Data to process
········

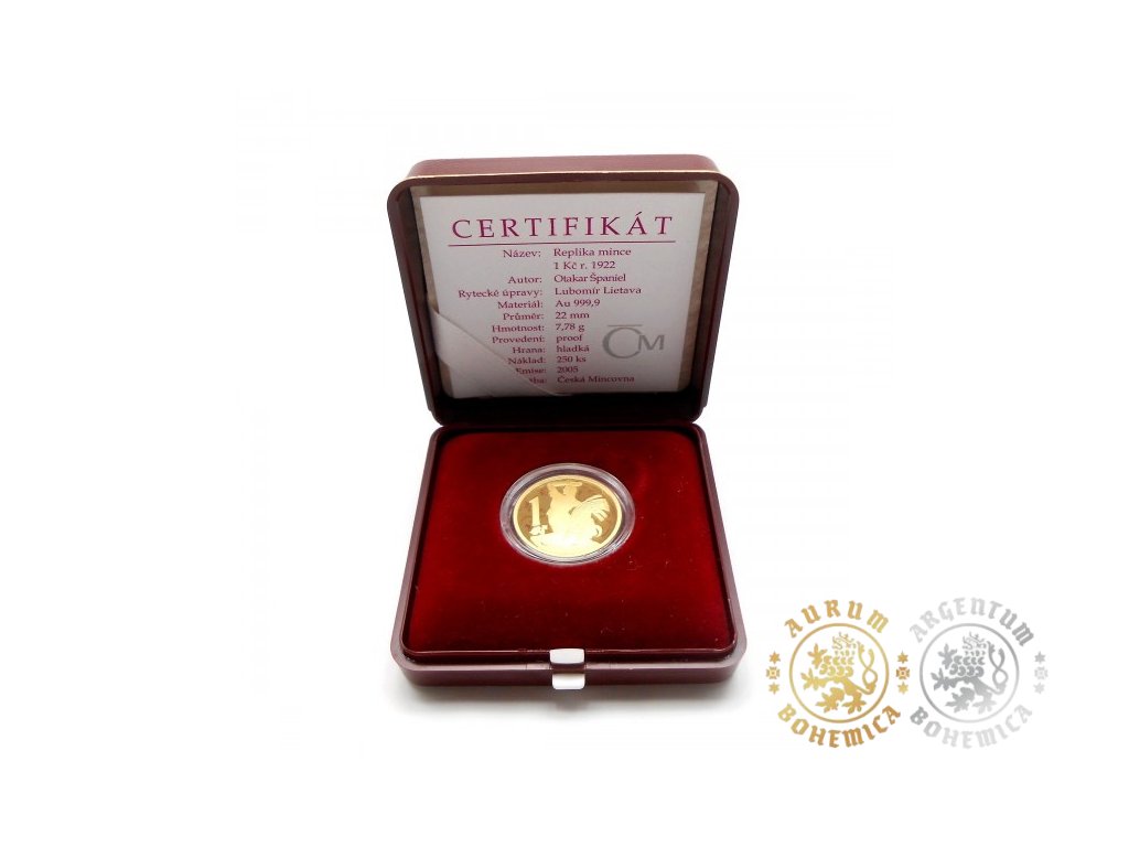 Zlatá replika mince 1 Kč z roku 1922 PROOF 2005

········

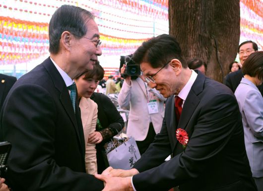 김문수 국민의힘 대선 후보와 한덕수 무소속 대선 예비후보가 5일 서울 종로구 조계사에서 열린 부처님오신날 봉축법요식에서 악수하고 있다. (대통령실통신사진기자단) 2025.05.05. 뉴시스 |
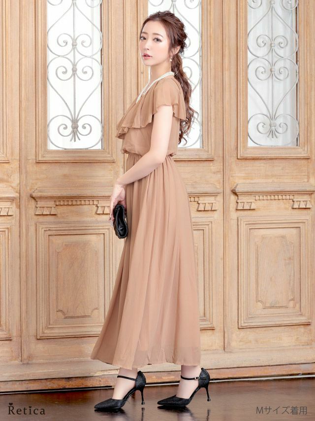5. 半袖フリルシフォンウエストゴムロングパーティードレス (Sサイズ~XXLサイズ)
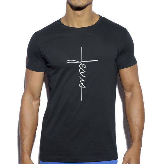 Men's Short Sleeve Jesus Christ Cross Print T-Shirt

········

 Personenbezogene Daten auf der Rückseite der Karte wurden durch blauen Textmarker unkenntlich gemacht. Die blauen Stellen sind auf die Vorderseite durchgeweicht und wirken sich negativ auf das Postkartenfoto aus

········

In the data above, find the line containing "김문수 국민의힘 대선" and the line containing "Men's Short Sleeve". Copy exactly the stretch from the first through the second, both included, leaving out any picture.

 김문수 국민의힘 대선 후보와 한덕수 무소속 대선 예비후보가 5일 서울 종로구 조계사에서 열린 부처님오신날 봉축법요식에서 악수하고 있다. (대통령실통신사진기자단) 2025.05.05. 뉴시스 |
5. 半袖フリルシフォンウエストゴムロングパーティードレス (Sサイズ~XXLサイズ)
 Men's Short Sleeve Jesus Christ Cross Print T-Shirt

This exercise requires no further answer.